So selten passiert es gar nicht. Wenn der Korb, das Blei seinen Platz zwischen den Steinen findet, reisst die Schnur wo? Genau am ersten Knoten in der Hauptschnur und dann bleibt im dümmsten Fall eine richtig festgelegte Montage mit Köder im Wasser. Darum pro Nubsie!


----------



## feederbrassen (13. August 2019)

Andal schrieb:


> So selten passiert es gar nicht. Wenn der Korb, das Blei seinen Platz zwischen den Steinen findet, reisst die Schnur wo? Genau am ersten Knoten in der Hauptschnur und dann bleibt im dümmsten Fall eine richtig festgelegte Montage mit Köder im Wasser. Darum pro Nubsie!

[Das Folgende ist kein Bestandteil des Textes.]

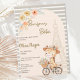 This cute Bonjour Bebe Paris inspired baby shower invitation will be the perfect beginning to your French themed baby shower. Featuring the Eiffel Tower, romantic flowers and a cute French giraffe riding a Parisian flower bicycle. A romantic gender neutral invite for a Paris baby shower.
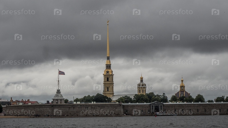 Речная панорама на реке Нева, вид с берега
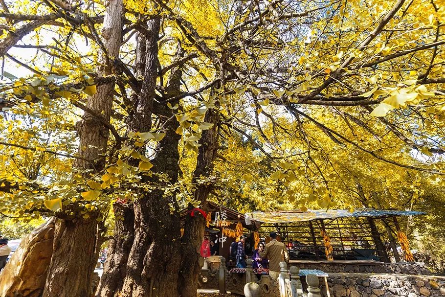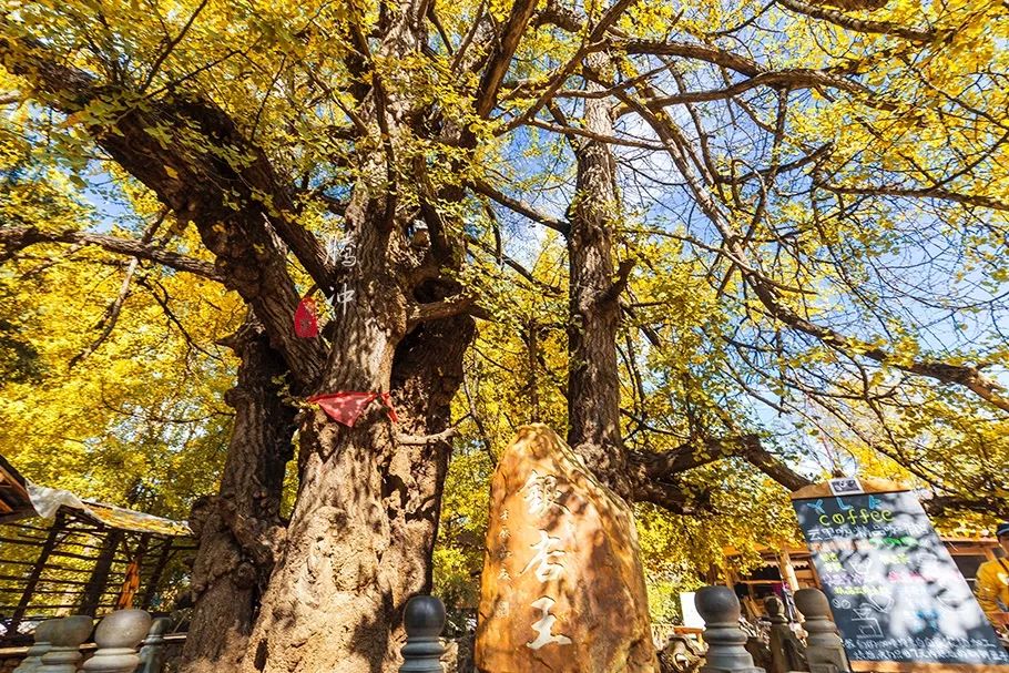 最古老的银杏王树龄在1300年以上。当你站在银杏王的树下,抬头仰望,天空被树叶枝丫分割的一块一块,金色和蓝色交替间隔,成为一幅静态的油画。若是到了夏天,满树翠绿,又该是另一番风情了吧。

Stimmt wenn der Korb richtig im Packwerk ,Fahrrad usw. hängt ist Schluss .
Deswegen mache ich hinter dem ersten Schlaufenknoten der zweimal durchgezogen wird bevor man ihn festzieht einen zweiten der damit der auch kaputtgeht wenn er soll drei mal durchgeschlauft wird und dann zugezogen.
Wenn der Korb dann hängt knallt die Schnur in der der Korb läuft durch.
Das Vorfach hängt dann noch an der Hauptschnur und nur der Korb ist futsch.
Ärgerlich ist das eh ,lässt sich aber nicht immer vermeiden.
Kacke ist das wenn noch ein Fisch mit dran hängt und der sich vielleicht nicht vom Eisen losschlagen kann.


----------